あなたが心配しているのは「損害をすべて賠償する」と書いたことで、修理費、治療費、休業補償などを法外に要求されることだと思われます。確かに考えられる話ですし、そうなった場合は無駄な労力がかかってしまいます。

ただし、要求されても言われるがまま支払う必要はありません。事故の賠償の場合は、修理の見積書や診断書など客観的評価に基づいて支払う金額が決まります。被害者側は損害を被った実害を立証する責任があるので、いい加減な処理で金額を請求するわけにはいきません。相手の言い値で金額が決定するわけではないことは覚えておいてください。

それでは後日、法外な請求をされたらどうすればいいのでしょうか。その場合には警察に事故届けを出すことをオススメします。人身事故の場合、事故直後でなくても届け出を行えば実況見分が行われます。また、物損の場合でも事故証明書を発行してくれます。警察の実況見分を受ければ、一筆書いた内容は無効になると考えてよいと思われます。その後、事故証明証などをもって保険会社に相談しましょう。もちろん、基本的には事故は発生直後に警察に届けるのが運転者の義務です。これは道路交通法第72条にも明記されています。

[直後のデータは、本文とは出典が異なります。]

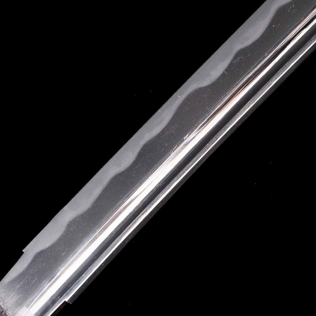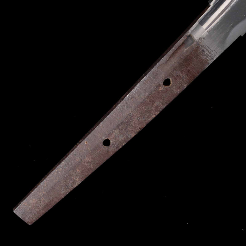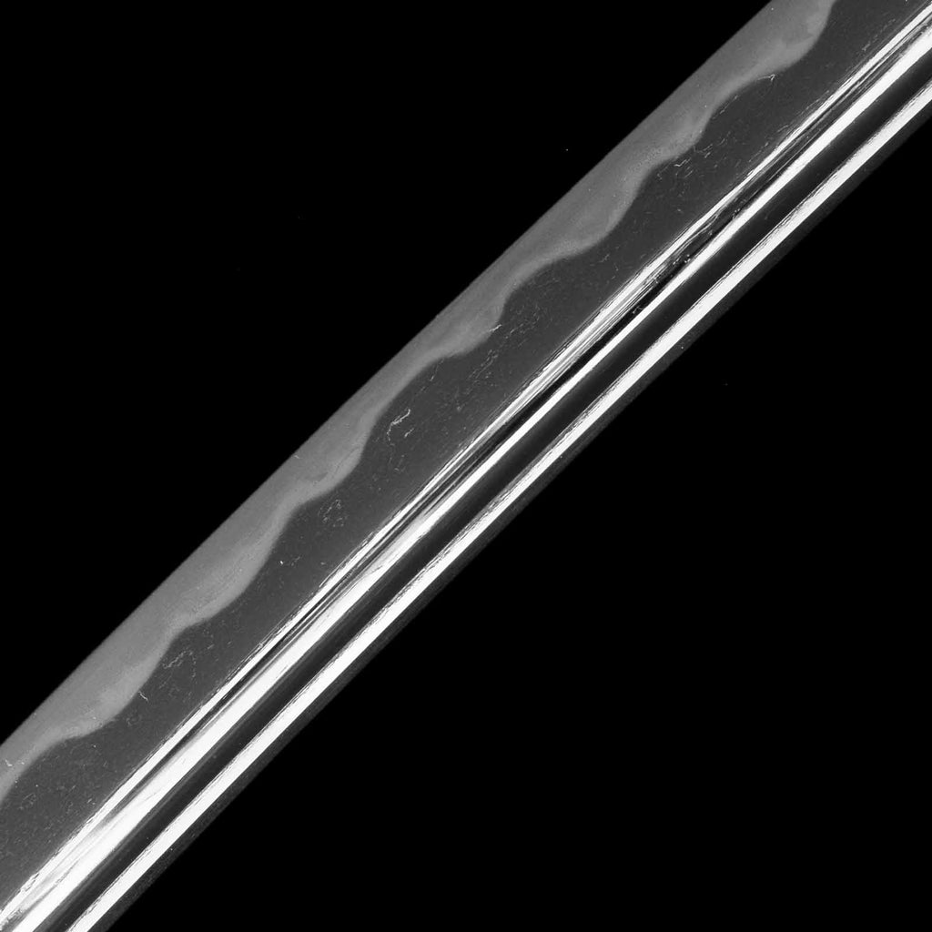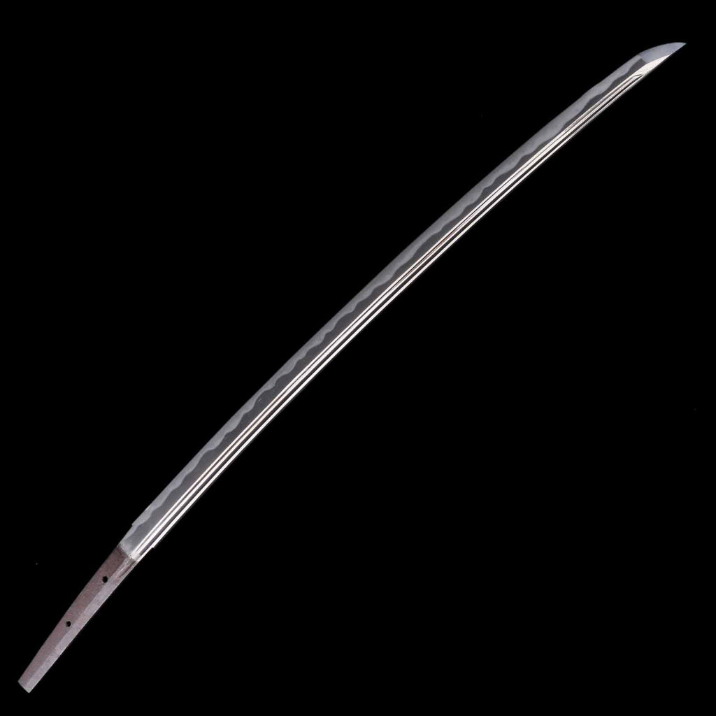 Considering its age, the blade's condition is remarkably good, showing almost no nicks, rust, or chips. The jigane features itame mixed with mokume, displaying patterns like yubashiri and chikei. The hamon features a prominent gunome pattern with niedeki, along with other patterns like ashi. Both sides of the blade are carved with Kakinagashi-style blood groove.

しかし、一筆書くことにまったくデメリットがないわけではありません。注意したいのは物損事故。物損は警察が実況見分を行わないことがあります。きちんと調べると、自己の責任が9割になる場合でも「自分に全責任がある」と一筆書いたことで、100%責任を認めてしまうことになります。この場合は、後々の交渉で不利になることが考えられます。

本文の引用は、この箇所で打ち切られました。